Thread: combined conditions in For loop

For the for loop below each outputs 4,3,2,1,0 - how does this work exactly?

the first loop:
for (p=a+4, i=0; i<=4; i++) PRD(p[-i]);

is this just that we start at p[4] and keep going down until i = 4 which leaves us at p[0]? can someone please walk me through how it is being interpreted?

the second loop:
for (p=a+4; p>=a; p--) PRD(a[p-a]);

the first pass of this look p = 4, a = 0? is output here "a[4-0,3-0,2-0,1-0,0-0]"?

Code:

#define PRD(a) printf("%d", (a) )#define NL printf("\n");


// Create and initialse array
int a[]={0, 1, 2, 3, 4};

int main()
{
    int i;
    int* p;
    for (p=a+4, i=0; i<=4; i++) PRD(p[-i]);
    for (p=a+4; p>=a; p--) PRD(a[p-a]);
}

This looks like a "test your knowledge of obscure, useless C constructs" exercise. It helps to know that a[i] is equivalent to *(a + i) and *(i + a) and i[a]. That is why you can do crazy things like "abcdef"[2] (which results in 'c'). Not that you should do that in real code.

Code:

for (p=a+4, i=0; i<=4; i++) PRD(p[-i]);

You're basically right on this.
That sets p to the address of a[4], and sets i to 0. Then it loops, continuing while i <=4. Each time, it calls the macro PRD, passing it p[-i] to print out, and incrementing i. Since p[-i] is equal to *(p + -i), and p = a+4, p[-i] can be seen as *(a + 4 - i), so it prints out values of *(a + 4 - 0), then *(a + 4 - 1), ..., *(a + 4 - 4). Or, a[4], a[3], ..., a[0].

Code:

for (p=a+4; p>=a; p--) PRD(a[p-a]);

You seem a little more confused on this one. It involves a bit more pointer arithmetic.
This also starts with p pointing to the address of a[4], however, it decrements p each time through the loop, continuing while p is >= a. Two little notes here. First, a (the name of the array) is interpreted as a pointer to the first element, i.e. a is equivalent to &a[0] or (a + 0). Second, when you add or subtract pointers, it is automatically scaled by the size of the thing pointed to. That is, if an int is 4 bytes, &a[1] - &a[0] is still only 1 (1 element apart) instead of 4 (4 bytes apart). So assuming a starts at some address like 0x1000, and ints are 4 bytes, you have


&a[0] = 0x1000
&a[1] = 0x1004
...
&a[4] = 0x1010


That means p starts at 0x1010 (and a is always &a[0] or 0x1000). So you print a[0x1010 - 0x1000] which is a[0x10] or a[16], but remember, it gets scaled down by the size of an int (4 bytes), so you end up with a[4]. Then p is decremented by 1 (subtracting sizeof(*p) or sizeof(int)), so next iteration p = 0x100c. Thus, you print a[0x100c - 0x1000] == a[12], scaled down gives a[3].


Hope that makes sense.

The first loop is doing just what you have posted, above. Remember that as you increase i, the index number for the array will go DOWN, instead of up, since i is being subtracted.
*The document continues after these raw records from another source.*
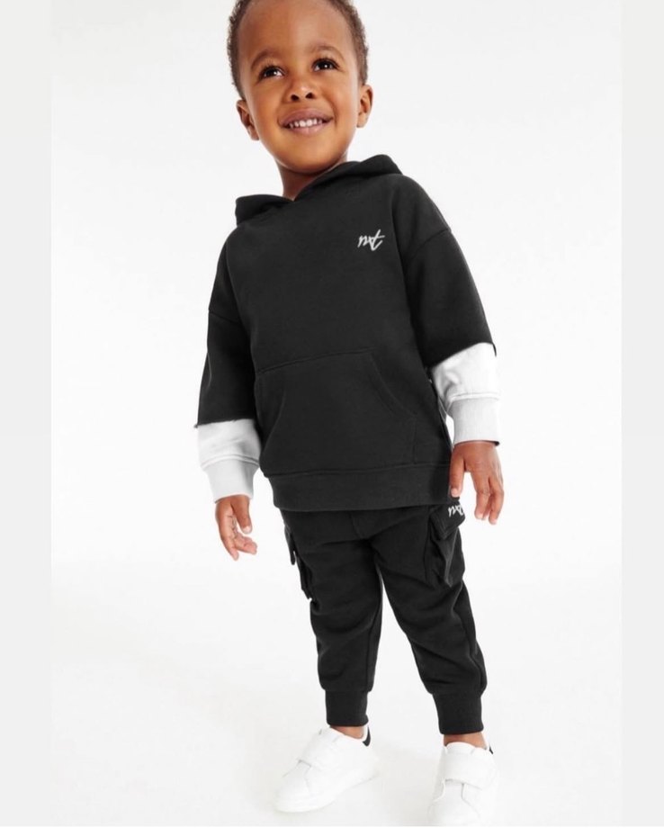 Erkek çocuk için siyah kapüşonlu, oversize kesim ve kabartmalı detaylara sahip, yumuşak ve sıcak kumaştan eşofman takımı.
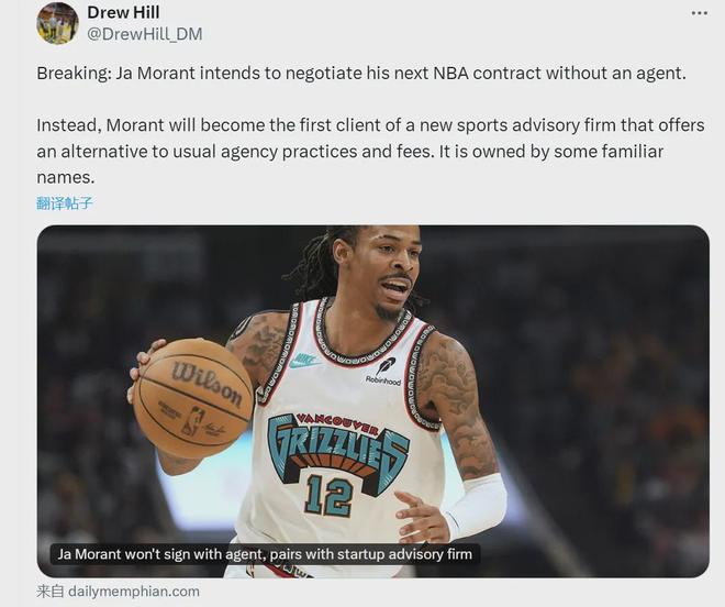 據(jù)灰熊記者Drew Hill報道,莫蘭特打算在沒有經(jīng)紀人的情況下,和灰熊續(xù)約談判。莫蘭特現(xiàn)有合同5年1.97億美元,2028年夏天到期,未來三年薪水分別是:3945萬、4217萬和4489萬美元。目前
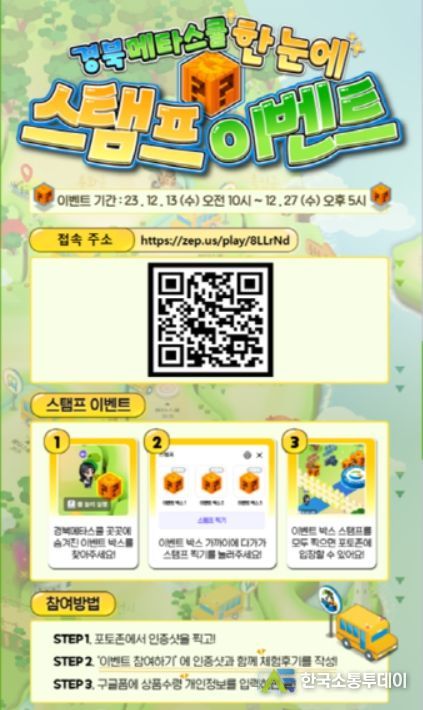 한국소통투데이 관리자 기자 | 경북교육청은 13일부터 27일까지 2주간 도내 초․중․고 학생과 교직원을 대상으로 ‘경북 메타스쿨 한눈에’ 오픈 이벤트를 개최한다.
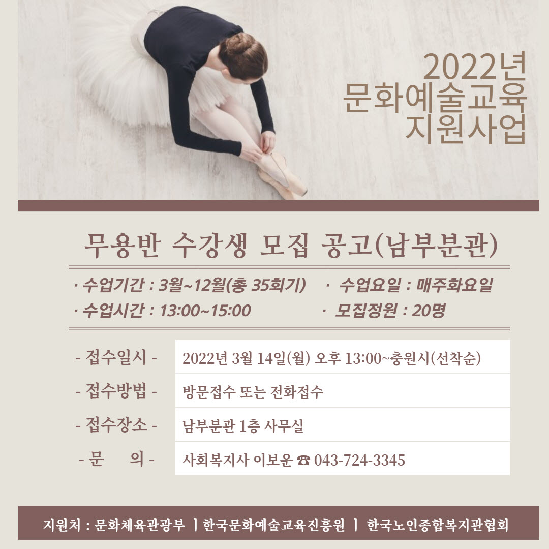 2022년 이용자 문화예술교육지원사업 무용반 수강생 모집(남부분관)
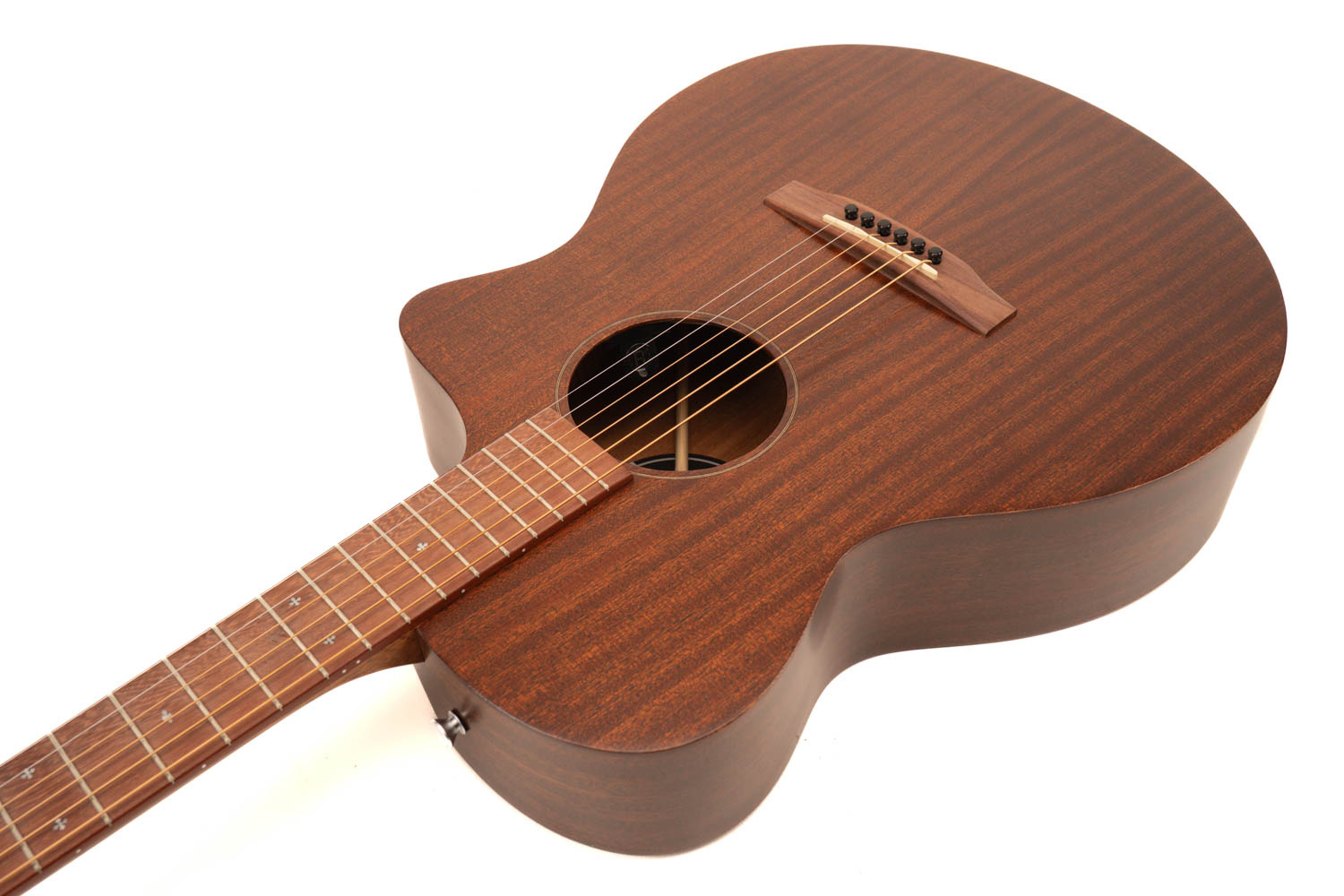 Het massieve sapele bovenblad, gecombineerd met sapele zij‑ en achterkant, levert een heldere, open klank met een warme middenfocus en een strakke respons. Sapele staat bekend om zijn balans: iets sprankelender dan mahonie, maar met dezelfde warmte en controle. Hierdoor voelt de SC‑10E zich net zo thuis bij subtiele fingerstyle als bij ritmisch strummen.
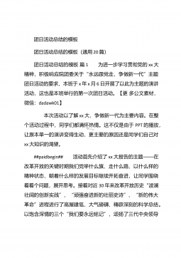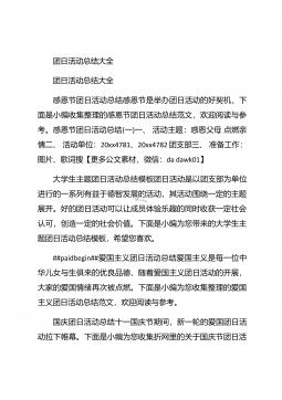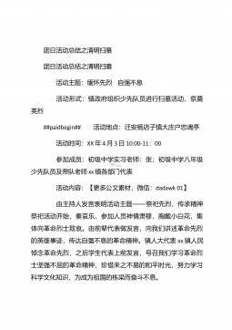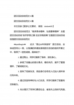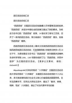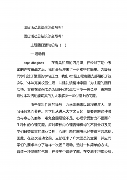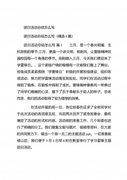 团日活动总结怎么写团日活动总结怎么写(精选4篇)团日活动总结怎么写篇1 三月,是一个春光明媚、生机勃勃的季节;三月,更是一个讲文明、树新风,让雷锋精神吹遍校园每一个角落的季节。刚刚踏入三月,今天我们便迎来了学雷锋日。,这个家喻户晓的楷模有一次被我们搬上了舞台。班级成员紧紧围绕“学雷锋日”积极的开展班级建设,组织各项活动,努力把学雷锋活动落实到实处。同学们在活动过程中得到了锻炼,在锻炼中得到了成长。雷锋精神像春风一样拂过了同学们稚嫩的心灵,播下了乐于奉献乐于助人的种子。总体而言,我们的活动取得了较为理想的效果。 在活动开展的前一日,各位班委在征求了全班同学对于此次活动的各项意见后,向后两次召...
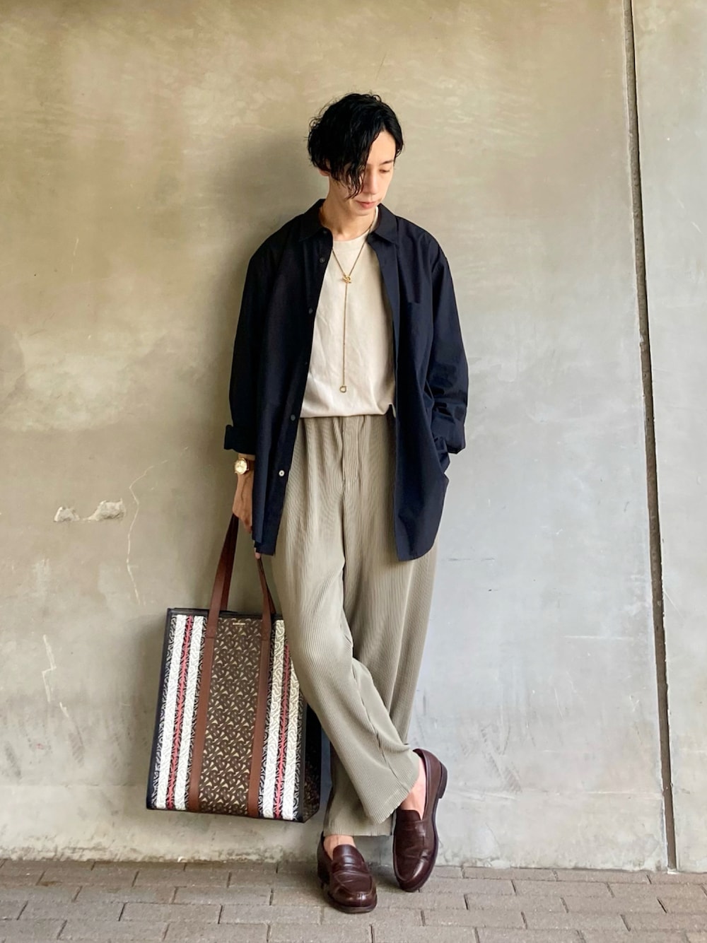 いつもご覧いただきありがとうございます😊 『BURBERRY(バーバリー)』のモノグラムトートを使用したコーディネート🐎 バッグの風格に負けないように黒シャツやカーキのパンツで大人っぽく👨 茶ローファーやゴールドアクセサリーで品良くゴージャスに✨ _________________________ ブログ ➡️ パパでもドレス ブログでは ・おすすめのプチプラアイテム ・着こなしのポイント ・トレンド情報 などをご紹介しています🌟 プロフィール(🖥)より ワンクリックでアクセス可能です! 宜しければチェックしてみてください✅
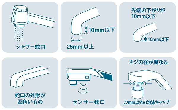 分岐金具は水栓メーカーや品番によって適合する金具が異なります。蛇口のメーカー名、品番をご確認ください。
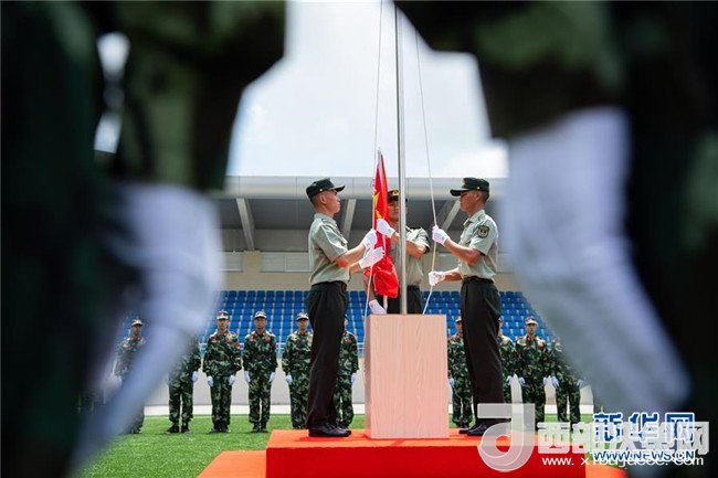 當(dāng)日,“國(guó)旗下的說(shuō)話·2018年澳門中學(xué)生國(guó)旗手訓(xùn)練營(yíng)”舉行。來(lái)自30所澳門中學(xué)的300余名中學(xué)生會(huì)聚解放軍駐澳門部隊(duì)氹仔軍營(yíng),在迷彩的青春方陣中親手升起鮮艷的五星紅旗。新華社記者張金加攝
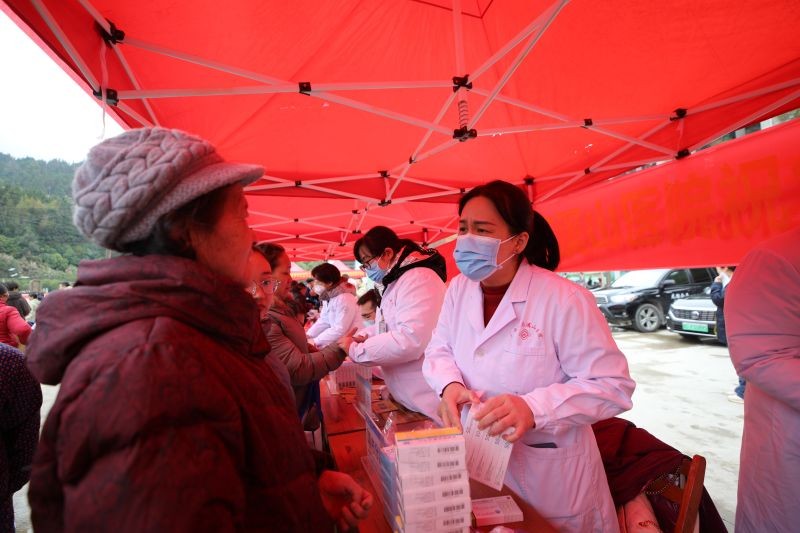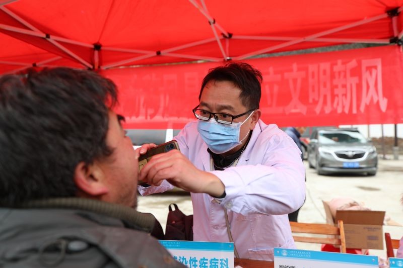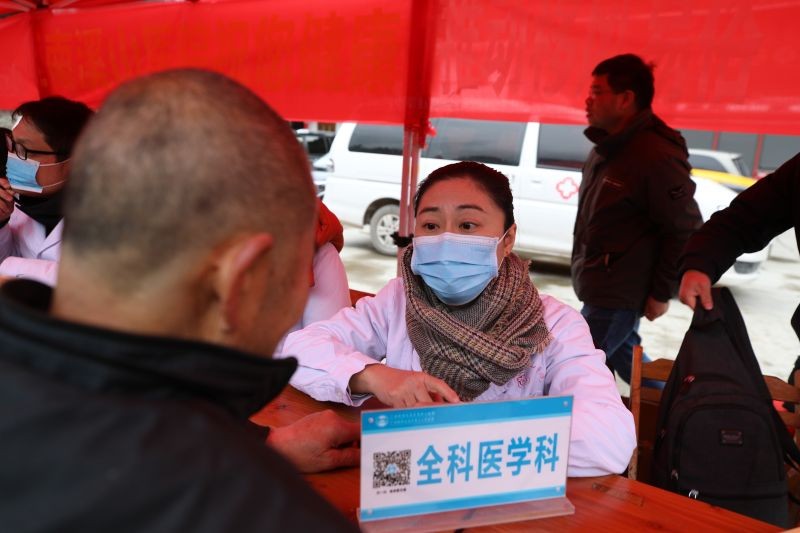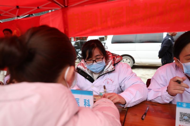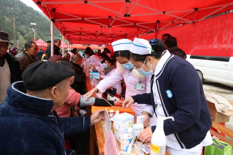 自治区南溪山医院医务人员正在为村民量血压、测血糖、进行义诊
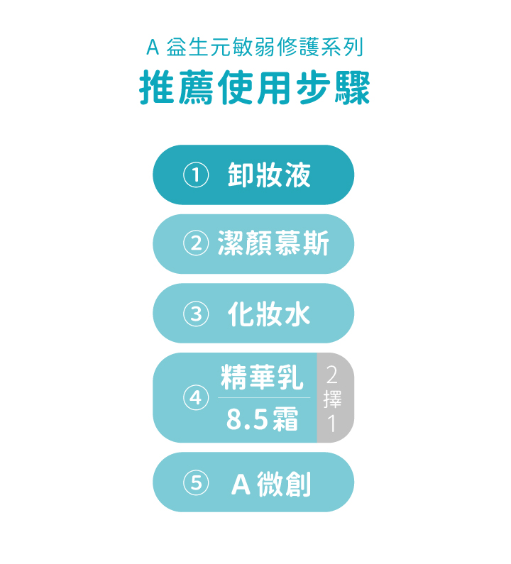 •創新益生元配方,穩定肌膚保護機能,進而強健肌膚,改善肌膚不適

In the second loop, a is the address of the array's first element, so p-a is just a rather unintuitive way of writing [4-0], [3-0], [2-0], but using the pointer p, instead of an index number.

It's essential to know the relationship between a[number] and *(a+number), but in practice, the a[number] style is FAR more intuitive, and will result in FAR fewer errors.

Thank you very much. you explanations are very helpful. I understand much better now.